Yep, you read that title correctly; the Roquemore’s are going Tiny. To some, this might seem drastic. To others, I’m sure I’ll be chalked up to a millennial tree-hugger (I’ve been called much worse). But to me and my sweet little family, this move equates to a large step toward freedom.
Two weeks ago, my position was eliminated at my workplace. While unexpected and a bit disheartening, this life changing event also brought me face to face with some questions I had been effectively pushing aside until then. What do I want with this one precious life I’ve been given? What type of mother do I want to be? What legacy do I want to leave? And then once I know those things… how do I achieve them?
The first question was answered easily in understanding that I wanted to live life to its fullest (super cliché, hang with me). From the outside, I most definitely was striking the picture of success-I was in management at an early age and making good money. I have a sexy husband and brilliant toddler. I have a nice mortgage that came with a 1600 square foot house and each room has been turned into a Pinterest-worthy vision. We are doing so well, in fact, that we were planning to build a house double in size to which my sister laughingly joked, “You don’t use your finished basement now.” But during the time of reflection, after losing my job, I realized that bigger houses and more stuff are not the answer to that question of what I want from this life. I want experiences, laughter, adventures, friends, star-filled skies, so much love my heart could burst and authenticity. It’s not to say you can’t have those things with a 2500 square foot home but it just didn’t sit right with me. While I was moving forward, 110 miles per hour headlong into the American Dream, something had shifted inside me and I needed to be reminded of what matters.
The second question, what type of mother I want to be, is one that rests on my heart each night and each morning. For years, Jordan and I didn’t even think we would have children. When Evie came into our lives, my identity shifted and I knew as her mother, I would be her primary female role model. I want my actions and words to resonate within her and set the example for being a strong, capable and loving woman. I want her to see me be brave and kind. To advocate for myself and others. To take risks and ride the rewards or learn from the failures. Through this change in lifestyle direction there will be less stuff and more experiences to give her. More time to explore with her and be present.

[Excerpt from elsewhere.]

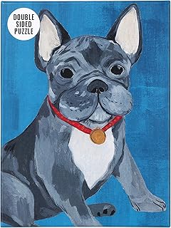 Talking Tables 100-teiliges blaues doppelseitiges französisches Bulldoggen-Hundepuzzle & Poster | Illustrierte Haustiere, Tier | Für Kinder, Erwachsene, Hundeliebhaber, Geburtstagsgeschenk, Weihnachts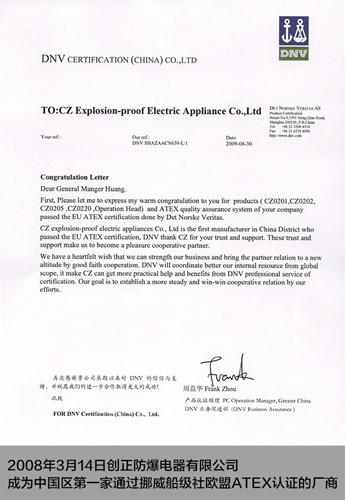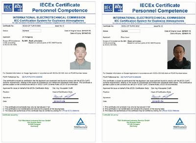 2016年1月30日,創(chuàng)正防爆首獲由德國(guó)萊茵TUV頒發(fā)的IECEx05 CoPC防爆人員資格證書。經(jīng)過(guò)嚴(yán)格的培訓(xùn)、理論考試、實(shí)際操作能力的審核以及最后的綜合評(píng)定,最終,創(chuàng)正防爆技術(shù)部和外貿(mào)部的相關(guān)學(xué)員通過(guò)了考核,獲得了IECEx05證書,成為中國(guó)首批獲取此證書的學(xué)員之一。

Finally, what legacy do I want to leave? We only have this one beautiful life to live and imprint ourselves on this world, so what do I want my mark to look like when I’m gone? I want it to be one of love and authenticity. Those are daily choices that I will have to make and my hope is that with less background noise I can continue that journey. I am not perfect by any means. I cuss like a sailor, drink more coffee than water, love to eat Honeybuns even though they taste like chemicals and probably am that damn millennial, tree-hugger some of you pegged me to be, but I invite you on this trek with me either way.
Now many of you might be thinking, “You don’t have to go Tiny to accomplish all of that.” And you’re absolutely RIGHT. But for Jordan and I, going tiny means not having a mortgage. It means a faster route to paying off our student loans and being DEBT FREE. It means physically being present and engaged. It means less stuff and more experiences. It means being brave and doing the unconventional.
So… here we go. Follow me in this grand adventure that life has thrown my way. It’s bound to be a wild ride as I navigate finding a new job, downsizing, overseeing a tiny house build and putting my love for efficiency to the ultimate test.